Once a regime has been established as a result of such national liberatory and anti-imperialist struggle, as history has shown so many times, it strives to strengthen its own power in the expense of neighbouring countries or even its own population. That’s why social revolutions like the ongoing one in Northern Syria/Rojava, which tend to decentralize decision-making and empower all citizens (and thus challenge the superiority of the state), are sometimes being met with hostility by anti-imperialists who root for Assad.

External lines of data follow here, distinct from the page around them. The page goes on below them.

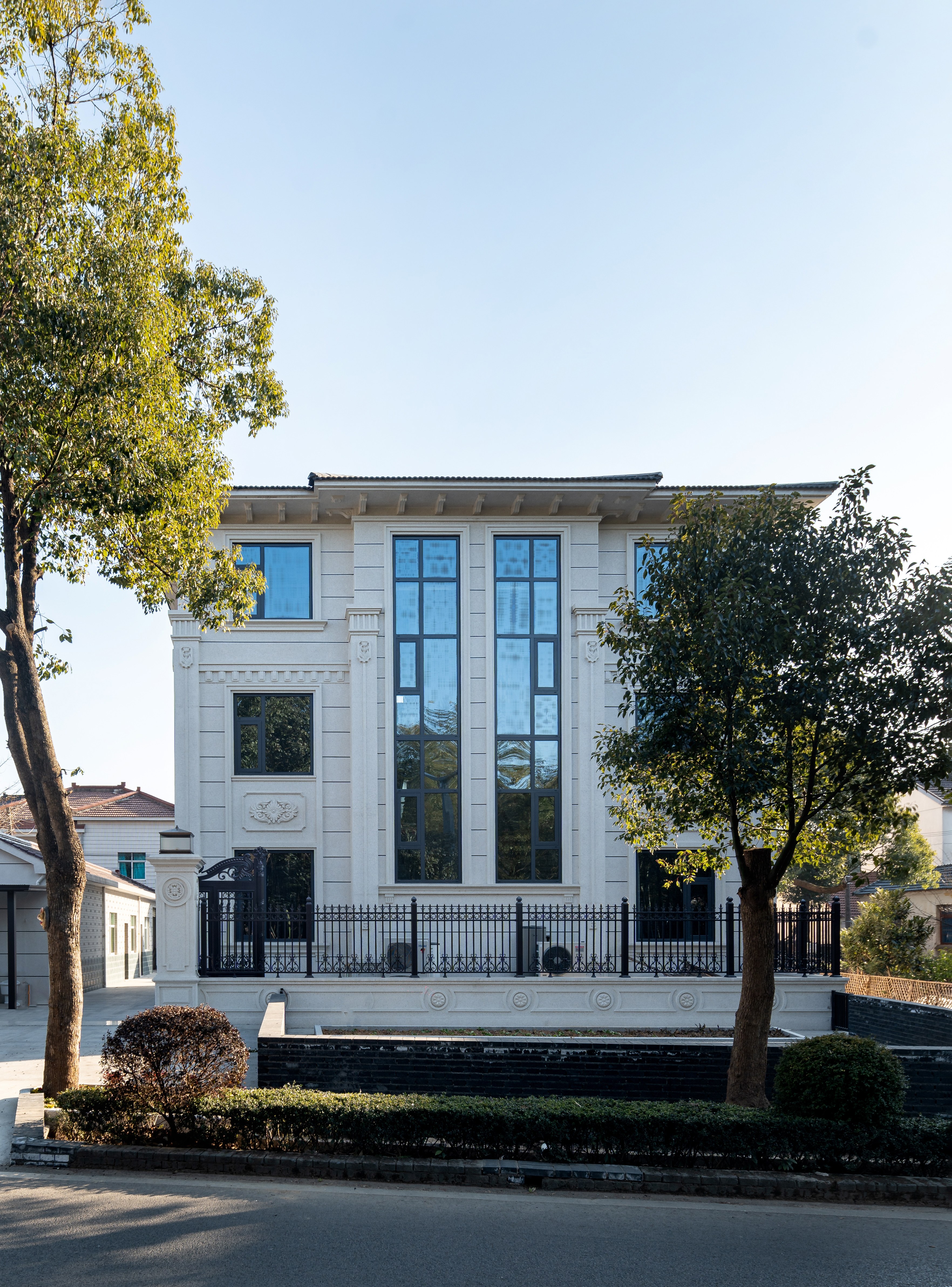 外立面以抽象化的古典柱式语言对话银杏生态,石膏线条演绎理性生长的枝状脉络。特殊骨料墙体捕捉自然微光,混凝土肌理成为储存月光的容器,模糊人工与自然的绝对边界。
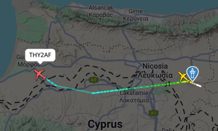 Αναστάτωση προκλήθηκε όταν αεροπλάνο των τουρκικών αερογραμμών, το οποίο απογειώθηκε από το παράνομο αεροδρόμιο της Τύμπου με προορισμό την Τουρκία, πραγματοποίησε χαμηλή πτήση πάνω από τις ελεύθερες περιοχές για αρκετά λεπτά γύρω στις 21:10, σύμφωνα με μαρτυρίες πολιτών.
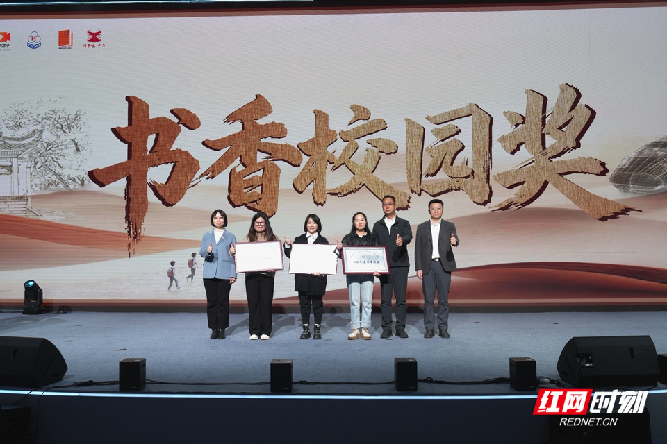 活动流程精彩纷呈,而贯穿其中的三轮颁奖典礼,无疑是全场最大亮点,一次次将现场气氛推向高潮。“书香园丁”与 “书香荐书官”奖项分别由来自全省多所学校的优秀师生代表获得,表彰了他们推广阅读的卓越贡献与乐于分享的优秀品质。而备受瞩目的集体荣誉——“书香校园”奖,经过对年度阅读活动参与度、创新性及整体氛围的综合考量,最终由长沙市弘益高中、岳阳第十中学、益阳世通学校三所学校夺得,它们以其出色的实践成果,成为了引领“书香湖南”建设的先进典范。
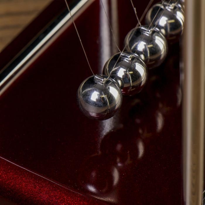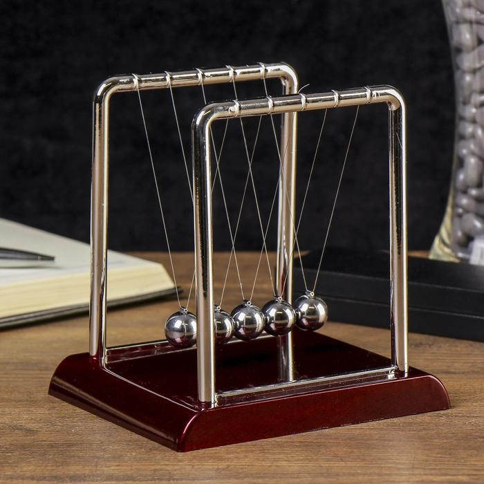 Маятник Ньютона сегодня пользуется огромной популярностью у наших клиентов. Система состоит из подставки и пяти металлических шариков, которые подвешены на леске. Для активации маятника вам необходимо отвести один шарик в сторону и отпустить его. Затем наблюдайте, как шарики с противоположной стороны начинают двигаться в зеркальном отображении с той же скоростью. Через определенное время шарики останавливаются. Продолжительность движения зависит от размера и веса шариков: чем тяжелее и больше шарики, тем дольше процесс, и наоборот.

It must be clear that we should not oppose the strife of subjugated people to liberate themselves from foreign yoke, but we must be careful to not fell into the trap of supporting new, ‘domestic’ imperialists in the place of the old ‘foreign’ ones. Slogans such as The enemy of my enemy is my friend will most certainly not lead us towards essential social emancipation. As Iranian journalist Rahman Bouzari have suggested, the first prerequisite of fighting imperialism is to fight the imperialist relations at home [13]. In other words, we should stand in solidarity with those struggles and uprisings, which strive at abolishing all forms of oppression, such as the exploitation prompted by capitalist growth and the hierarchies of nation-states, and replace them with self-instituted forms of people power, where feminism, cooperation and equality proliferate. And there most certainly are such projects emerging – most notably the recent project of Democratic Confederalism in Northern Syria, which set in motion a stateless, feminist and direct democratic revolution in the war-torn Middle East. It is such genuinely revolutionary restructurings of the political architecture, which lead towards social emancipation, and not the replacement of one ruling elite by another.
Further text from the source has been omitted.